In the testing program ustring_test_CString.cxx this is worked-around by defining a proper output operator for CString as part of the program.

Using CString with ustring

In order to use CString with the ustring conversion system, simply include AFX.H (or something else that pulls it in), which contains the class definition for class ::CString, before including classics\ustring.h (or anything else that pulls it in).

Note that CString deals either with wide or narrow characters depending on conditinoal compilation within the AFX.H header file. You can't have both wide and narrow CStrings in the same program as you can with other string classes. The ustring.h header file notes the current option and treats CString as wide or narrow, as indicated.

For examples, see the unit test program classics\ustring_CString_test.cxx.

How it Works

The classics.dll is not dependant on the MFC dlls. That would have been undesirable, not only because such a dependancy is unwelcome in the general case, but the conditional compilation nature of CString means that there are different dll's depending on whether you compile MFC for wide or narrow strings, and you can't link to both of them. Not only would Classics also have to come in two flavors as well, but then it would reference a specific version of MFC rather than being compatible with any version.

So, Classics contains a small file that essentially clones Microsoft's CString class. It knows the structure layout and the manner in which the reference counting works and the manner in which data is maintained within the string. The ustring::awareness object (which is the only code that knows about specific string types) for CString then uses this code instead of code found in MFCS42u.dll (or whereever).

As far as the ustring.h class is concerned, it uses the MFC_CString<T> parameterized type (unlike Microsoft's, it allows wide and narrow objects to co-exist) and doesn't care that such has objects that are identical with ::CString's on a binary level.

Meanwhile, if AFX.H has been included (therefore, CString is defined), a couple of inline functions are conditionally compiled-in to ustring.h. These (one for setting, one for getting) simply cast the CString object into the internal type, or vice versa, and generate no actual code.

The result is transparent CString support on demand, with all support code located inside the classics.dll rather than expanded into the calling program (via inline functions or templates).

Adding Support for Additional String Classes

The ustring class is extensible, in that you can add support for additional string types. To do this, you supply an overloaded get_string_awareness function defined for your type.

Creating the Awareness Object

In order to inform the ustring component about your type (say, SillyString), you declare an overloaded form of the get_string_awareness function. This overloaded form will be found when the get_as or set_as template is invoked, so the library will receive the correct awareness object.

const ustring::awareness_t* get_string_awareness (const SillyString*);

So just what is an awareness object? That's an adaptor or interface of sorts that tells the ustring how to manipulate the thing its wrapping. You must derive from the abstract base class ustring::awareness_t, and provide definitions for several pure virtual functions that describe how to manipulate the string.

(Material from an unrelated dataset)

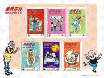 在这枚散发传统节庆与激昂气氛的邮票上,老夫子与伙伴上演一场别开生面的龙舟竞渡。 在邮票中央,一艘传统龙舟正在浪花中奋力前行,老夫子手持旗帜,在船头为团队导航; 大番薯则担任关键的鼓手,带动龙舟的节奏。 这枚邮票传达的不仅是「端午安康」的祝愿,更是那份「同舟共济」的深厚情谊。
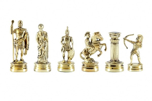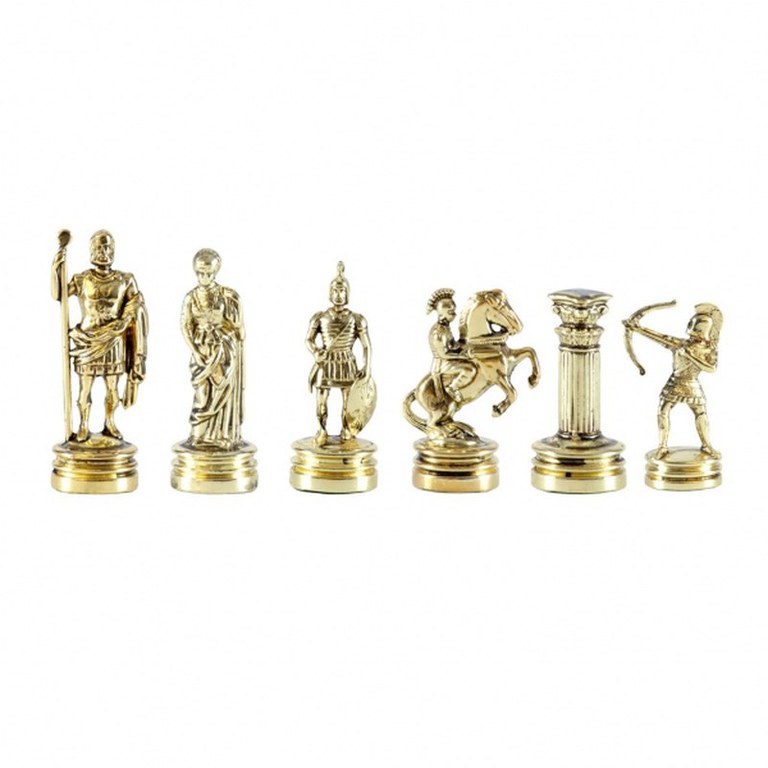 Aceste frumoase piese de sah nichelate din alama se bazeaza pe cultura greaca si romana si pe cuceririle lor militare. Pionii sunt reprezentati de un rand de arcasi, de unde vine si denumirea pieselor. Piesele de sah sunt turnate manual in zinc solid...

Implementing the concrete awareness class is simple. In general, you cast the void*st argument (the "black box" being held by the ustring wrapper) into the actual string class, in this example a SillyString* and then do the corresponding operation on that object. For example,

class SillyString_awareness : public ustring::awareness_t {
   int length (const void* st) const
    {
    const SillyString* s= static_cast<const SillyString*>(st);
    	//first cast st to my actual type
    return s->elcount();
    	//then perform the operation.
    }

This section is not yet finished.

Create the Custom Header

This section has not yet been written.